How good would the processed RAW images from the R5s look when captured by my L lenses? Would they resolve the full 90mp quality, or would new lenses, built just for the R5s, be required. If the latter, then I'm not so sure I'd want the R5s, as the investment in new lenses just wouldn't be worth the extra image quality.

If anyone would like to venture a speculative opinion on this, I would certainly appreciate your input.


----------



## Joules (Feb 26, 2021)

ADW said:


> How good would the processed RAW images from the R5s look when captured by my L lenses?


Answering that would be alot easier if you had told us what L lenses you have 

In general, the higher resolution body will deliver more detail than the R5, especially in the image center. As you go out into the edges, older designs or zoom lenses may show a lesser degree of improvement. It is worth keeping in mind that a higher resolution sensor will always capture at least as much detail as a lower resoultion one, and usually more unless you are heavily diffraction limited. Especially since the high resolution R will have a newer sensor and maybe even newer technology.


----------



## ADW (Feb 26, 2021)

Joules, thank you for your reply. Following is the list of my L lenses, as well as others...

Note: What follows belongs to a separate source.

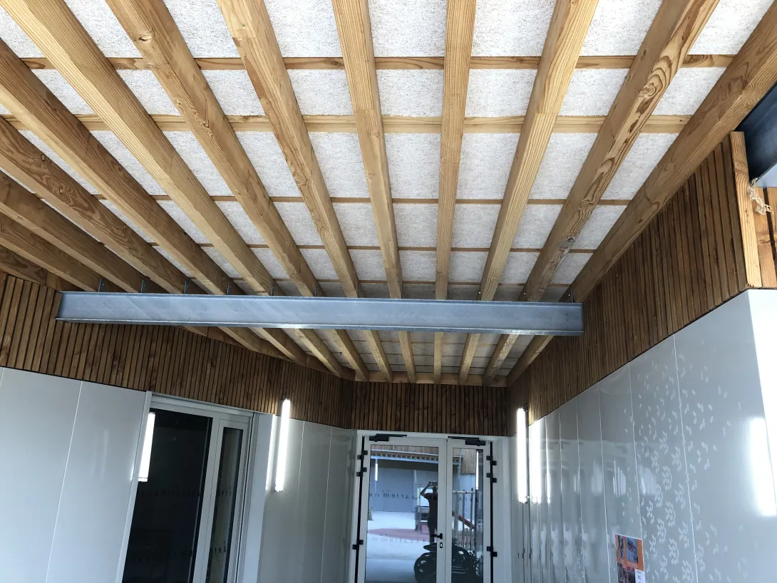 - Toiture bois : isolation laine de roche haute densité 24 cm sous membrane d’étanchéité sur panneau bois (R = 6,8 m².K/W)

1. Canon EF 16-35mm f4 L IS USM No visible manufacturing date, but there appears to be a code: 2100001149
2. Canon EF 24-70mm zoom f2.8 L IS I believe I may have bought it as much as ten years ago, or slightly longer.
3. Canon EF 100-400mm zoom f4-5.6 L IS, not the latest version (Also has the 1.4 extender, and I wonder how that might affect image quality.)

Non-L lenses
1. Canon EF 100mm macro f2.8
2. Sigma 50-500 f4-6.3 zoom lens (The 2x extender will let it reach 1,000mm, but I'm frightened to think of the possible distortion.) 

Of course, these lenses work perfectly with the 6DII, and I'm thinking that for the most part they should be fine with the 45mp R5. But I'm wondering if their resolution may be too limited for the rumored R5s and its expected 90mp sensor. If resolution increase on a single-sheet print size from my Epson SureColor P800 of 24x16 showed only a minimal improvement with the R5s over the R5, using my current lenses, it seems to me that it would make more sense to invest in the R5, whose feature-set may be more appealing to me. Upgrading to higher-quality L lenses for the R5s could cost more money than I could comfortably handle.

Thank you for your response to this letter; your input will be valuable to me.


----------



## Czardoom (Feb 26, 2021)

In my opinion, speculation in this case is worthless. The only way to answer your questions and speculate is to wait until the R5s is released. And at that time, the thing to do will be to rent one - and possibly the R5, too. My main question would be, are you shooting hand-held or with a tripod? Are you printing at a certain size? You may find your images don't look any different between the R5 and your 26 MP 6D II. You may find llittle or no difference between the R5 and the R5s. I have found hand-held shots are limited by the ability to hold the camera still. That's just my experience, so keep that in mind - your results may differ completely. But you won't know until you actually try it out.


----------



## ADW (Feb 26, 2021)

Czardoom said:


> In my opinion, speculation in this case is worthless. The only way to answer your questions and speculate is to wait until the R5s is released. And at that time, the thing to do will be to rent one - and possibly the R5, too. My main question would be, are you shooting hand-held or with a tripod? Are you printing at a certain size? You may find your images don't look any different between the R5 and your 26 MP 6D II. You may find llittle or no difference between the R5 and the R5s. I have found hand-held shots are limited by the ability to hold the camera still. That's just my experience, so keep that in mind - your results may differ completely. But you won't know until you actually try it out.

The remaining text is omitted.